Compliance & Operational Support Analyst

Job Overview

The successful candidate will ensure the QC Micro department operates in a safe, efficient and compliant manner and deliver to the needs of our customers.

Main Activities/Tasks

• Compilation of Standard Operation Procedure, Method of Analysis, Equipment Qualification Test Protocols, Reports, Raw Material Specifications, and Finished Product Specifications in accordance with GMP.
• Review and approval of logbooks ensuring compliance to GMP
• Trending and reporting of analytical data and generation of key KPI’s
• Preparing for and participation in regulatory and customer audits.
• Assist investigations into OOS & OOT results and determination of root cause.
• Reading and recording of test results.
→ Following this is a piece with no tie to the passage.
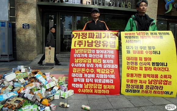 남양유업 영업사원의 폭언과 제품 떠넘기기로 비난이 일고 있는 가운데 8일 오전 서울 중구 남양유업 본사 앞에서 남양유업대리점 피해자협의회 소속 대리점주들이 부당행위 규탄집회를 열고 있다.

Approval of analytical data.
• Assist in the training of staff in new and existing techniques.
• Ensure that adequate stocks of all laboratory consumables are available.
• Raising, investigating and closing change controls, deviations and other key QMS parameters
• Management of computerised systems within the department, from introduction, qualification and completion of ongoing review.
• Perform monthly backup and data archive for the computerised system.
• Completion of periodic reviews and oversight of standalone computer system requirements
• Champion adherence to Health and Safety requirements and drive a culture of improvement within the laboratory.
• Identify and deliver projects that lead to improved compliance (Quality and EHS) and efficiency gains.
• Maintain a CAPEX forecast plan.
• Any other duties as deemed necessary by management.

Essential Criteria:

• Possess a degree in a science related discipline OR have a minimum of 2 years relevant experience in a laboratory.
• Possess good communication skills, written and oral as demonstrated on their application form and at interview.
• Demonstrate good organisational skills, be flexible, motivated, and willing to work shift patterns when necessary.
• Demonstrate the ability to work as part of a busy team as well as working on own initiative.

Desirable Criteria:

• Use of Quality Management Software like Trackwise for the creation and closure of deviation and change controls.
• Experience of computer system validation (csv) requirements throughout the whole system lifecycle.
• Practical knowledge of laboratory instrumentation and microbiology analytical methods.
• Experience in training other analysts

Duration: Permanent

Location: Newry

Additional Information:

• Applicants should be able to provide proof that they have a right to work in the UK at the time of their application. Applicants who are unable to provide this proof will not be considered.
• We regret that applications received after the closing date and time will not be accepted.
• We are unable to sponsor or take over sponsorship of a Visa at this time.
• This role is based on a site that produces penicillin and as such, would not be suitable for those with a penicillin allergy.

Contact: recruitment@norbrook.co.uk

Norbook Laboratories Limited employs a workforce with members of all sections of the community and is committed to appointing people purely on the basis of merit. In accordance with our equal opportunities policy, we would particularly like to welcome applicants from the Protestant Community.